Thanks to Charles Beasley, Vanessa Sarre, Konrad Kozaczek, Nicholas Dupuis and Ronen Bar for comments and suggestions.

Bottom Line Up Front

Even if we work out how to align powerful AI with “our” goals (i.e. solve intent alignment), we have no idea what goals those ought to be (i.e. solve moral philosophy, at least on one view of moral philosophy). Not knowing what our goals ought to be isn’t necessarily a problem when the technology we’re operating isn’t powerful, like a foam sword; it necessarily becomes a problem when the technology is powerful, like a nuclear weapon. Because we don’t currently know what our goals ought to be, we must not give any goals to powerful AI, and therefore we must not (currently) build powerful AI.

Background: the is–ought problem

In 1739, Scottish philosopher David Hume claimed that you cannot coherently go from a descriptive statement (a claim about what is) to a prescriptive statement (a claim about what ought to be). In other words, you can’t use logic alone to go from “it is painful when you pull my fingernails out for fun” to “you ought not to pull my fingernails out for fun”.

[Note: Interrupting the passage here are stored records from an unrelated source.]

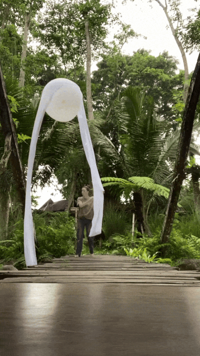 Familial Entanglement took place in the rice fields close to where I grew up, as a performance, experiment, and ephemeral installation. My parents and siblings wrestled with the balloons on the precipitous rice terraces, while their grandchildren anchored them from the silky mud below.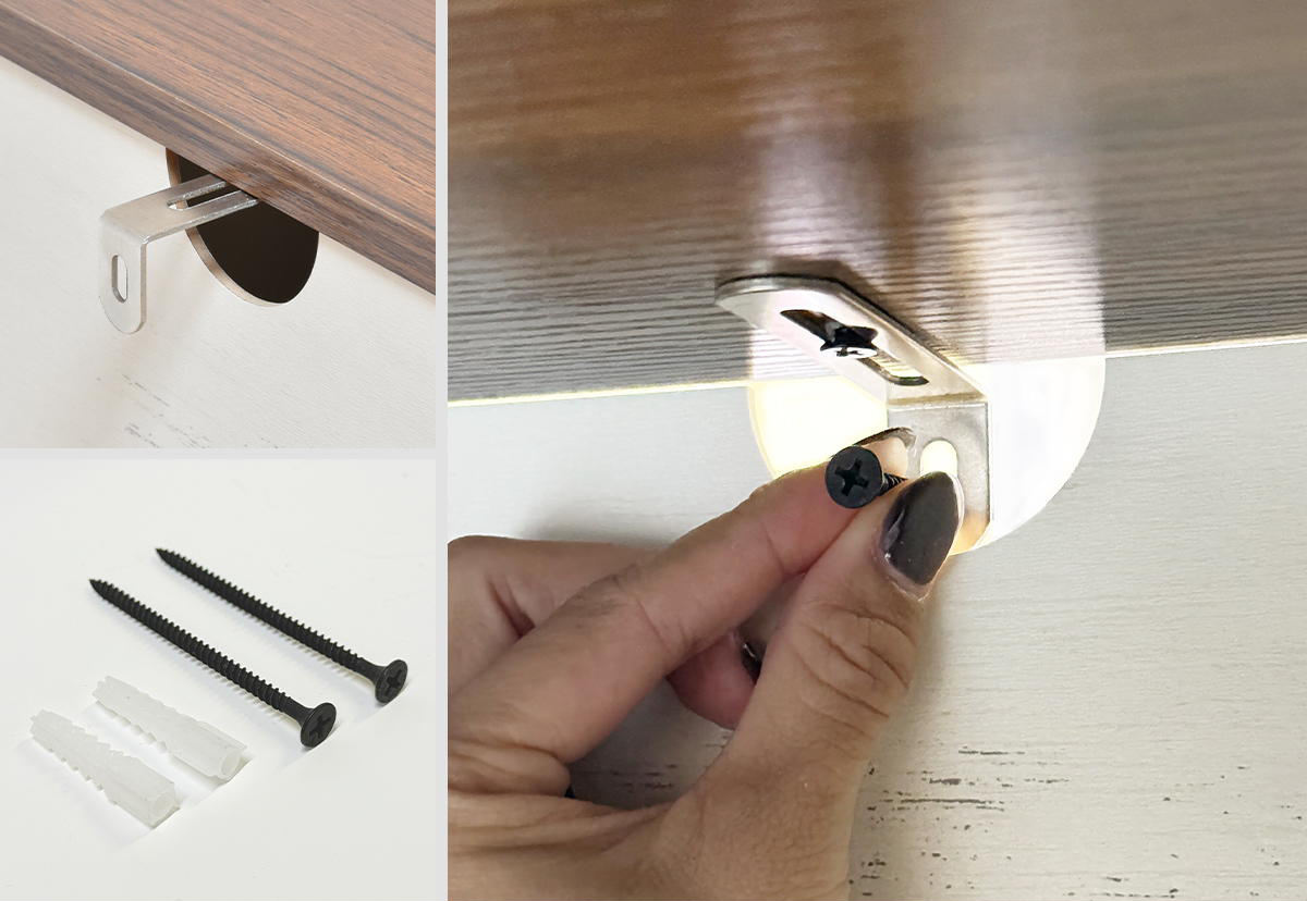 専用の金属パーツと固定用ネジセットが付属しています。バンドで固定するタイプが多い中、丈夫な金属パーツで天板と壁をしっかり固定でき、見た目もスマートに取り付けられます。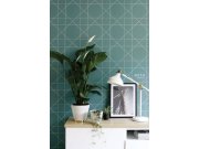 Vliesové, zelená tapety na zeď s bílým geometrickým vzorem.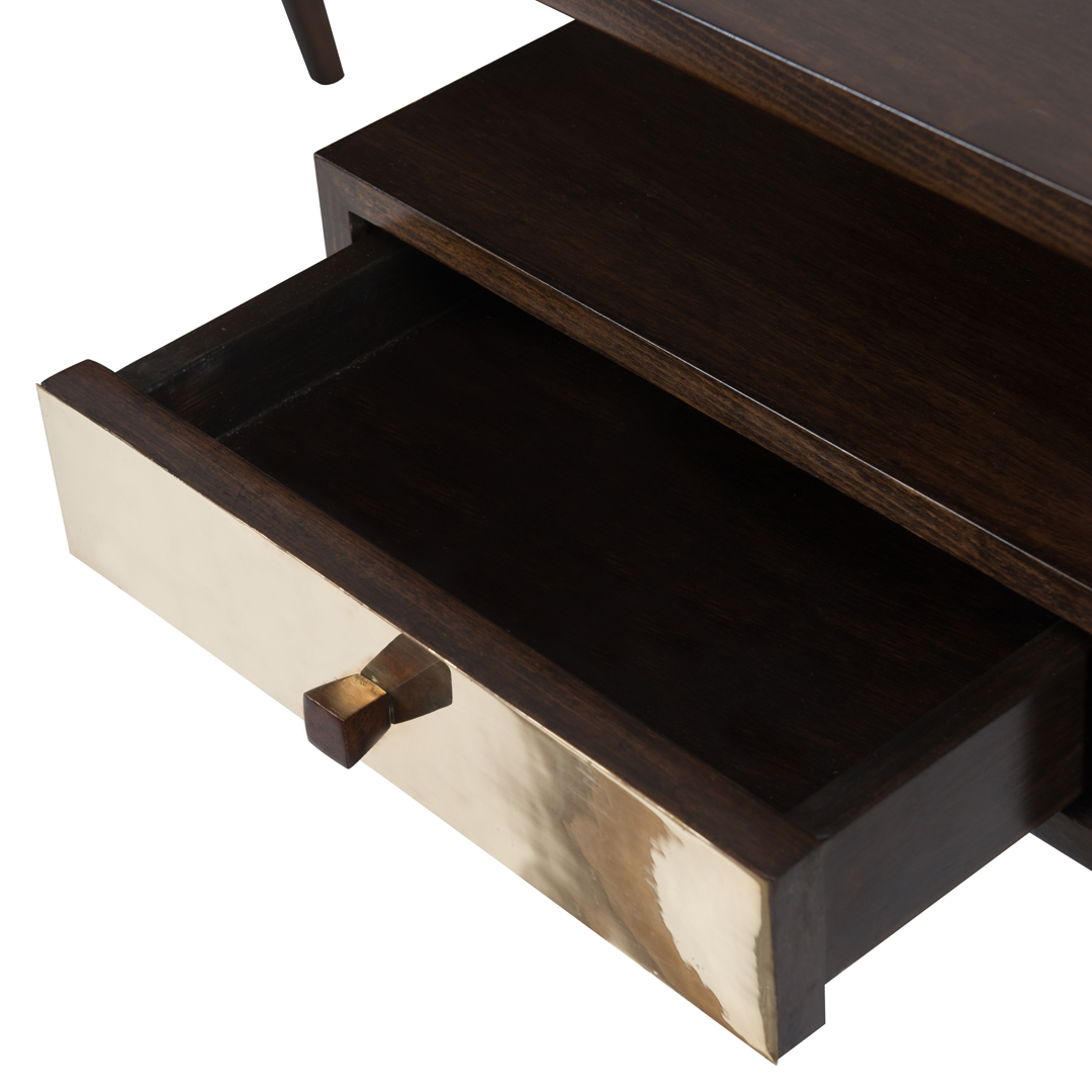 Inspired by the clarity and conviction of mid-century design, the Caitlyn Desk distills sophistication into clean lines and deliberate details. Its sleek polish, offset by the warmth of brass, speaks to a quiet authority—crafted for those who appreciate elegance in function.
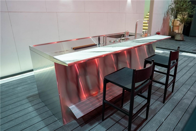 它自然延伸出的吧台形态,一下子拉近了人与人之间的距离。这边在准备水果、清洗餐具,那边朋友已经靠在吧台边喝着啤酒聊着天了。不锈钢台面无缝一体拉伸止水,外观简洁到极致,清洁起来也毫不费劲,用水一冲一抹就干净,简直是懒人福音。
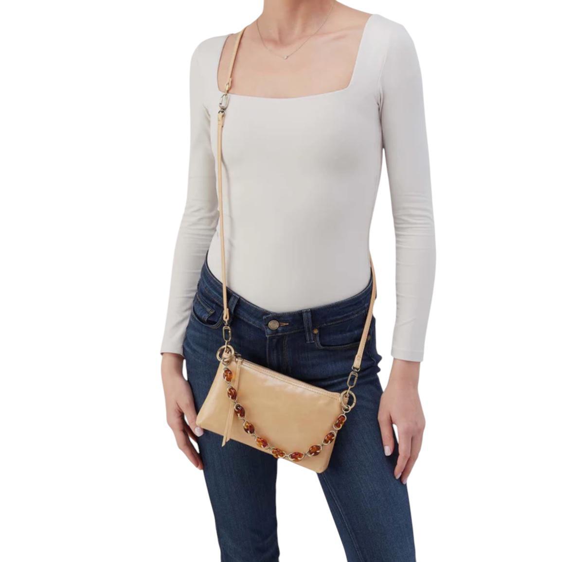 An iconic and convertible HOBO style that can be worn three ways: crossbody, baguette bag and wristlet.

Here are some other ways to frame the distinction between “is” and “ought”:

Descriptive	Prescriptive
is	ought
how	why; to what end
objectivity	normativity
how to achieve my goal	what my goal should be
the way the world is	the way the world ought to be
intent AI alignment	moral AI alignment

Zooming in: intent vs moral alignment

When people talk about “AI alignment”, they usually mean intent alignment. Intent alignment is the project of getting an AI to try to do what its operator intends for it to do. Intent misalignment occurs when the AI tries to do things that are not aligned with what its operator intends.

In contrast, moral alignment is the project of identifying what we ought to intend AI to do. Normative alignment may be a more accurate term for academic purposes, because it incorporates normative fields beyond morality such as aesthetics. Strong alignment is another term I’ve seen used.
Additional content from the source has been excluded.